For instance, I had forgotten how many of the allegations of foreign interference were made in 2019 right around President Trump’s impeachment hearings, because that feels like nine years ago. This is a good way to put it all on one timeline. And I hope for the academic community, there will be the most interest in the system we developed for assessing these claims and then a debate among others, whether we’ve come up with an appropriate system.

Also figuring out whether our media impact scoring is appropriate and how to add to it, because something else that, for me, was the most interesting research lead, which I think deserves a lot more follow-on assessment, is that the case that received the greatest media impact was a story that Senator Sanders’ Democratic primary campaign had been briefed on Russian efforts to help them.

This story was dropped on a Friday night by the Post, one day before the Nevada caucuses, which Sanders would win quite resoundingly – but that received, just using our methodology, we found 2.3 million social media shares of stories that were linked to that.

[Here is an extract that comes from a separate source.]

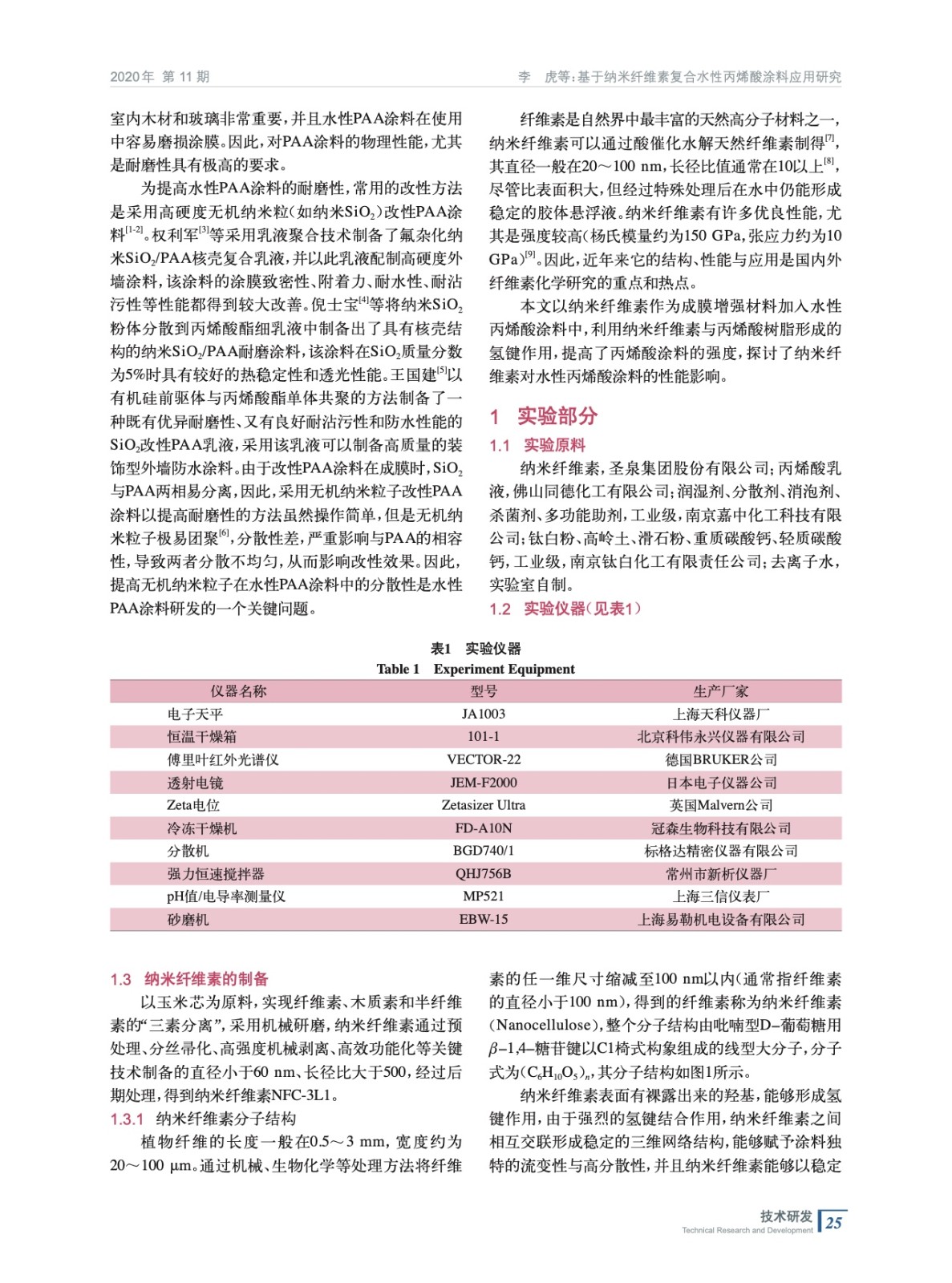 基于納米纖維素復合水性丙烯酸涂料應用研究

We are trying now to add additional dimensions of that impact assessment, like broadcast news coverage and cable news coverage. But we see that it’s probably a similar pattern there. So the big takeaway is that because there was no additional information and nothing else came out of that story – there was really nothing the Sanders campaign could do, for instance, other than say “we don’t support these efforts helping us, but we don’t know what these efforts are” – but it nonetheless seems like it became a significant political story, that crucial week in the Democratic primary contest, which helps lend credence to this idea that the foreign interference allegations disproportionately harm left-leaning causes.

And there’s been a lot of discussions that the Russia debate has intensified in the U.S. – that it’s a new McCarthyism, that’s even sometimes promoted by individuals in the liberal party of the United States. And some of the information here would support that, those concerns that have been voiced by activists in the U.S.

TTW – Do you think that in terms of the stuff that you created, is there anything that you wish that you had done differently or plan to add to? Do you see something right now you’d like to change?

EB – So I’ll go first. But there’s the research and then there’s the design itself. In terms of the research, the biggest thing is finding additional dimensions for media impact, because I’m really interested in charting how the conversation in the U.S. has evolved around this issue.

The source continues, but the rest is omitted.